Life does not begin at conception
One of the primary claims of the anti-abortion brigade is that “life begins at conception”, and because it is wrong to take a life, therefore it is wrong to abort a fetus (and perhaps wrong even to prevent a zygote from implanting by use of a UTI). However, this claim is not merely wrong, but ludicrously wrong.
Let me make an aside here. If you are of a religious bent, and if you believe in the existance of a soul, and if you believe that this soul is created, implanted, magicked into being, or otherwise attached to a developing human at some particular point in development, then of course that provides a logical point whereafter abortion may be seen as a crime against said soul. I think you are dead wrong about the existance of souls, but granted that premise, this objection to anti-abortionism does not apply to you. To you, all I have to say is this: Remember that your arguments are inherently non-secular and cannot carry force in a secular judicial system; and please remember that your arguments hold no force with those of us who are not religious.

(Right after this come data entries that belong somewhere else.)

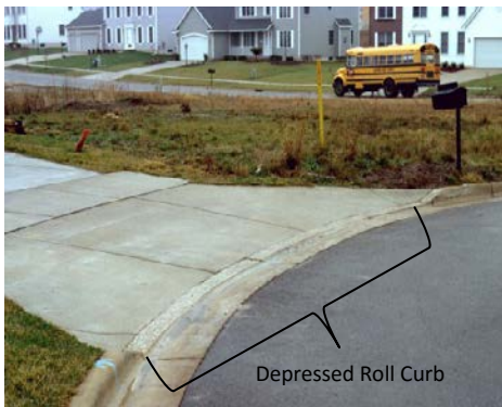
Figure 3. Depressed Roll Curb.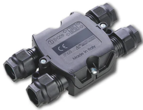
4 way junction box 5 poles IP68 (6-14 mm cables) F990C030000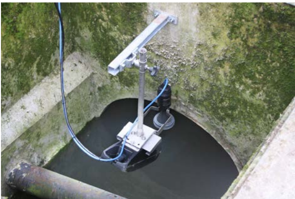
RAVEN-EYE® with radar level sensor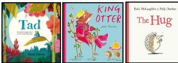
KS1 books available to win.

In the wake of the Book Fair and our reading event in aid of Comic Relief, we wanted to share with you some exciting news of a Book Competition for the children at Wray Common. You have the chance to win 1 of 3 specially chosen books that are not currently available in our libraries. All you have to do to be in with a chance of winning, is READ. If you read 4 or more times in a week, your teacher will give you a special raffle ticket. That raffle ticket can be taken to the school library and placed in the envelope of the book you would like to win. The more times you read, the more chances you get to enter. The competition will run over the next 4 weeks, with the winners drawn on Friday 13 th December during our Celebration Assembly. So, on your marks, get set .....READ!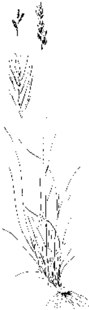
Red fescue ( Festuca rubra )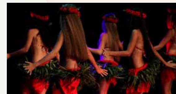
Experience local cultures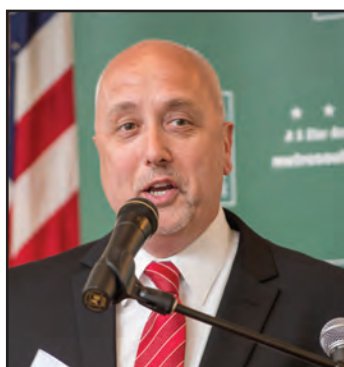
Mayor Bill Carpenter, City of Brockton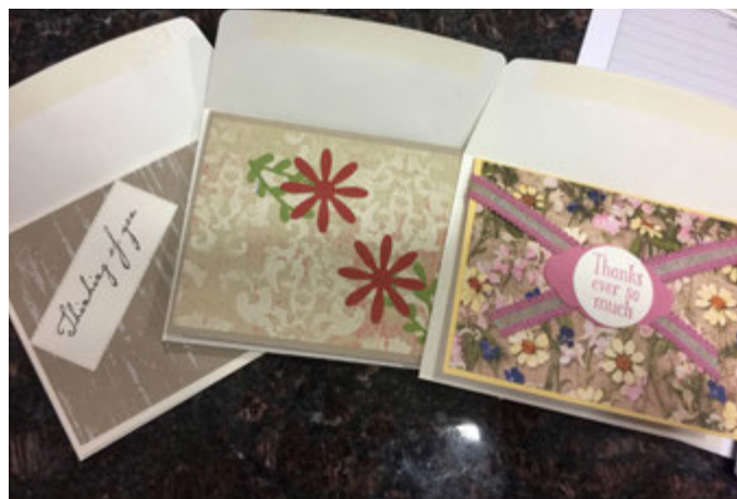
Assortment of greeting cards made with love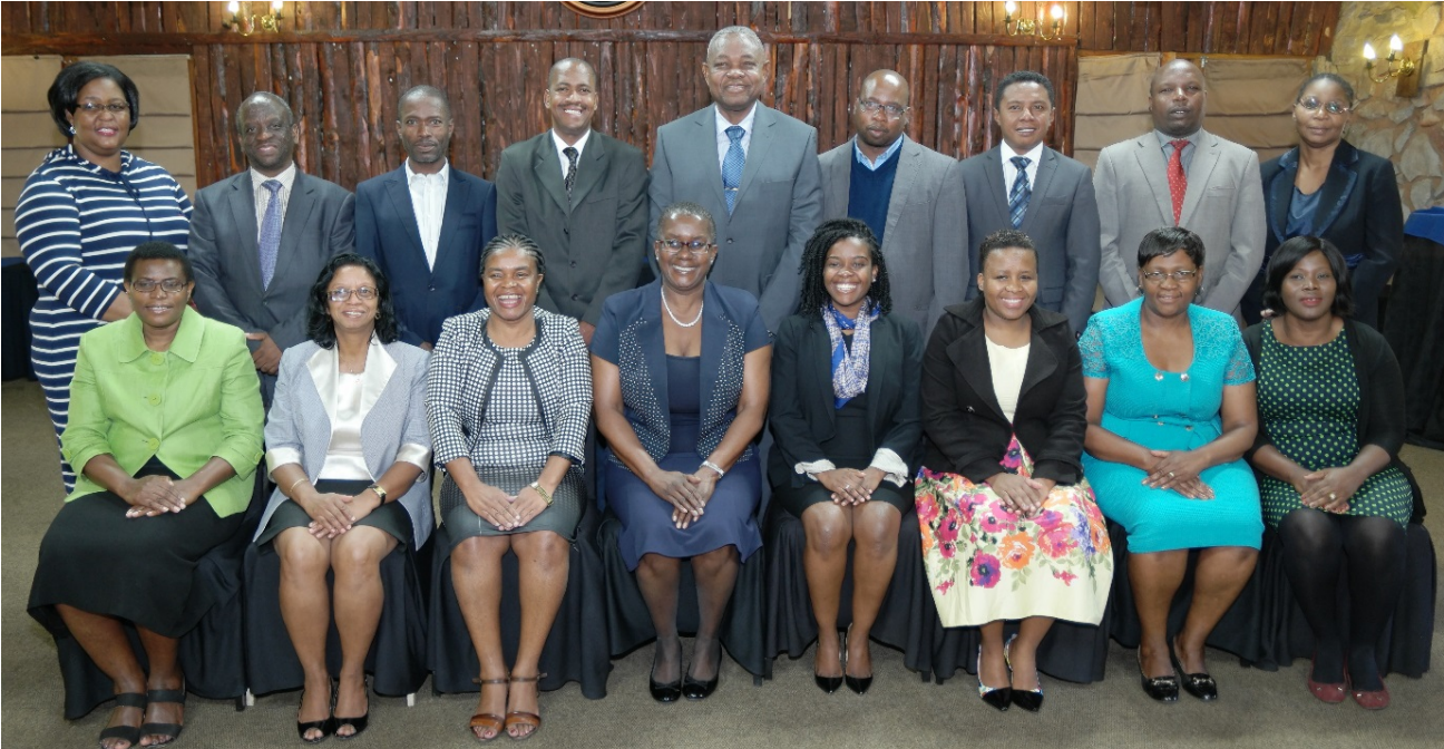
NAFPs pose for a photo during the 7 th NAFP meeting with SADCAS staff

The 9th SADCAS NAFP Annual meeting was held at The Farm Inn in Pretoria, South Africa on 22 April 2016. The meeting was attended by 14 NAFPs, SADCAS staff and Mr Jon Murthy, Chairman of the ILAC MCC/IAF CMC. National Accreditation Focal Points from Angola (1); Botswana (2), Democratic Republic of Congo (1), Lesotho (2), Madagascar (1), Malawi (1), Swaziland (2), Zambia (2), and Zimbabwe (2) attended the meeting.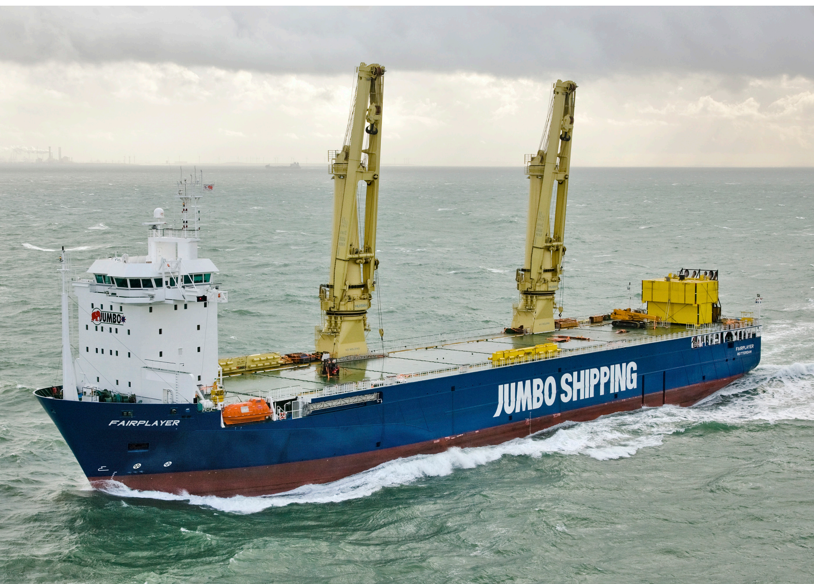
ABB Ability™ Marine Advisory System – OCTOPUS Project Cargo vessels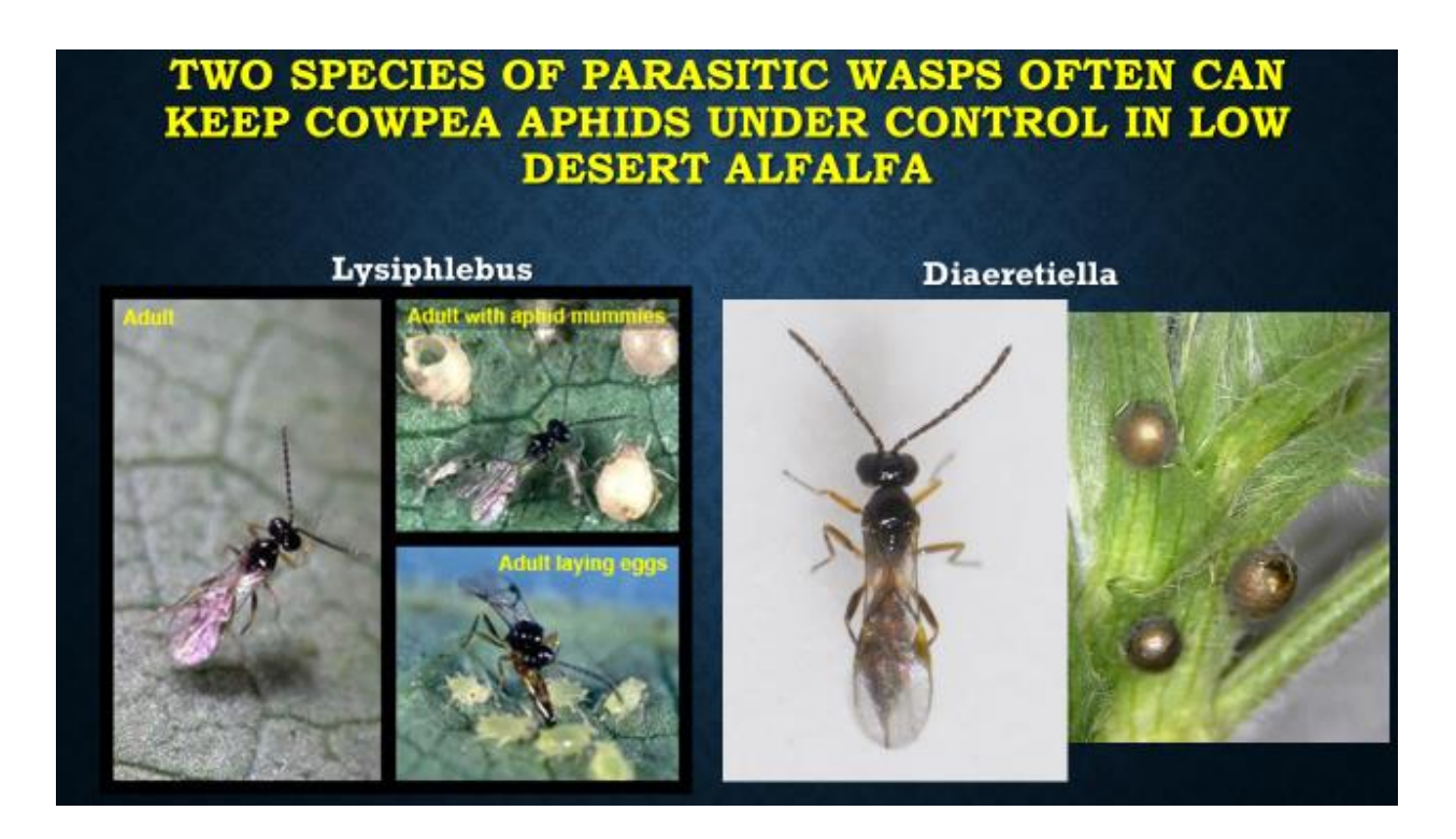
Fig. 1. Lysiphlebus testaceipes and Diaeretiella rapae , two wasp species providing biological control of cowpea aphid

Two species of parasitic wasps in the family Braconidae commonly attack cowpea aphids in California – Lysiphlebus testaceipes and Diaeretiella rapae (Fig.1) . Both of these small wasps attack a wide range of aphids, such as cotton/melon aphid and many other aphid species on other crops. The wide range of aphid hosts allows these wasps to have available aphid hosts all year long in the low desert.

With that out of the way, let’s restate the obvoius: Life does not begin at conception. Conception, in us sexually reproducing animals, consists of the fusion of gametes—the sperm fertilises the ovum. But, and this should be painfully obvious to everyone, the gametes are alive. You are the product of a living spermatozoon and a living ovum. Fertilisation did not mark the creation of life, only the fusion of two living cells into a single living cell.
This fusion is certainly a defining moment in your life. Barring mutation so unlikely that I expect it can be discounted, and excepting rare conditions like chimerism and mosaicism, it is the last event that defines your genetic makeup, when the chromosomes you inherit from your parents merge. It is, in a very real sense, a defining moment. It is not, however, the defining moment, because there are many. Even after fusion, not every zygote goes on to successfully implant, and early pregnancies often terminate spontaneously. The biologist Lewis Wolpert famously said that “It is not birth, marriage, or death, but gastrulation which is truly the most important time in your life”.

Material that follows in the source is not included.